Entering the season, we regarded Avisail Garcia as the White Sox' fulcrum. Jose Abreu and Adam Eaton had arrived, but Garcia's potential remained largely latent. If Garcia could translate his imposing physical presence into a somewhat fearsome hitter, the White Sox rebuilding process had its young and controllable core settled into the top half of the lineup. If he stagnated, the Sox then had to reconsider the team's power supply once again.

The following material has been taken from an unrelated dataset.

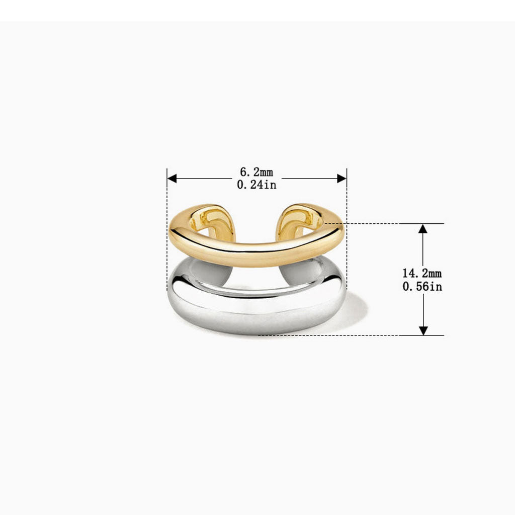 No piercing? No problem! One part shimmering gold, one part cool silver, a match made in jewelry heaven. The smooth, curved double C hugs your ear perfectly. Slay with this dual tone ear cuff and let your style insta-worthy style effortlessly.

Two-thirds of the way into the 2015 season, results alone don't bear this out. When Garcia was at his best early in the season, the White Sox were at their worst. Then Garcia disappeared for two months, over which the White Sox played respectable baseball, by and large. Instead of "As Garcia goes, so go the White Sox," it's been closer to, "Garcia does whatever, and the White Sox do whatever." That's not exactly profound, since you can put any name and/or sentient noun in that phrase and it yields the same accuracy.
Thematically, though, there's now a match between the two. The White Sox have launched a thousand adaptations of this quote:
And now here comes Garcia, doing the same damn thing with an intriguing start to his August.

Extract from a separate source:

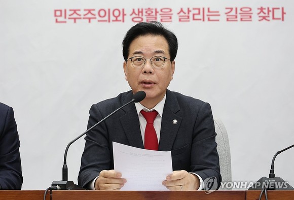 국민의힘 송언석 원내대표는 28일 국회에서 열린 국정감사 대책 회의에서 “민주당 정청래 대표의 ‘APEC 기간 무정쟁 주간’ 제안은 경제 참사·부동산 참사를 덮기 위한 침묵 강요이자 정치적 물타기”라고 비판했다. (사진=연합뉴스)

He entered the month with a line of .217/.273/.291 across June and July. It was weird enough that Adam Eaton passed him in homers, but Carlos Sanchez showed more power, too. Combine that with the difficulties in right field, and there's the recipe for a collapsing star.
Then August starts, and Garcia hits four homers over six games with a calmly drawn walk-off walk in there as well.

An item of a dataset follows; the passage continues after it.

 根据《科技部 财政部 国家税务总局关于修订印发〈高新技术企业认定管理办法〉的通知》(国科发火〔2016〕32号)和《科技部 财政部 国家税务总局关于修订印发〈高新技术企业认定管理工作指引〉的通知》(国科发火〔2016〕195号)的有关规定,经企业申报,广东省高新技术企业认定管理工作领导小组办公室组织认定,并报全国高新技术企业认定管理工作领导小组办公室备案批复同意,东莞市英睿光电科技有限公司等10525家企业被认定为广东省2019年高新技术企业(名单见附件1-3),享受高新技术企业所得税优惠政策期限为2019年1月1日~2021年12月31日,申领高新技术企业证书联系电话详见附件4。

If you take Garcia's word for it, it's not mere luck. He says he's working with Todd Steverson to address what's really holding him back:
"I have enough power to hit the ball out of this ballpark," Garcia said. "Just trying to use more of my hands, recognize the pitches because I have been swinging at a lot of bad pitches because my body is in front. When I start my at-bat, all my weight is in the back and then when the pitch is coming all my weight is in the front. I’ve got to be in the middle. Not too much back, not too much front, just in the middle to be successful, to use more of my hands."
His main problem is that his bat head never seems ready to meet the ball, so, hey, maybe he's visualized the problem. But we've seen enough struggling hitters talk about breakthroughs, only to see the flicker of hope doused in short order. A data shortage remains.
If Garcia keeps backing up the talk with actions like the two homers on Monday night, though ...
That really is the attainable version of the ideal Garcia. Matt Shoemaker threw him a rolling slider, and AVI SMAAAAAAAAASH to left field. Shoemaker then threw him a good fastball away, and Garcia hammered it over the wall in right, and several rows deep to boot. Maybe the inside fastball will always challenge Garcia, but if that becomes his only chief weakness inside the strike zone, it should become easier to lay off and avoid lettting pitchers bully him back to the dugout.
One thing at a time, though. Right now, Garcia's tendency to jam himself on breaking balls discouraged me more than anything else about his approach, so patching that flaw makes him eminently more watchable. It's so much better when it's the opposing pitchers who don't want to see the results.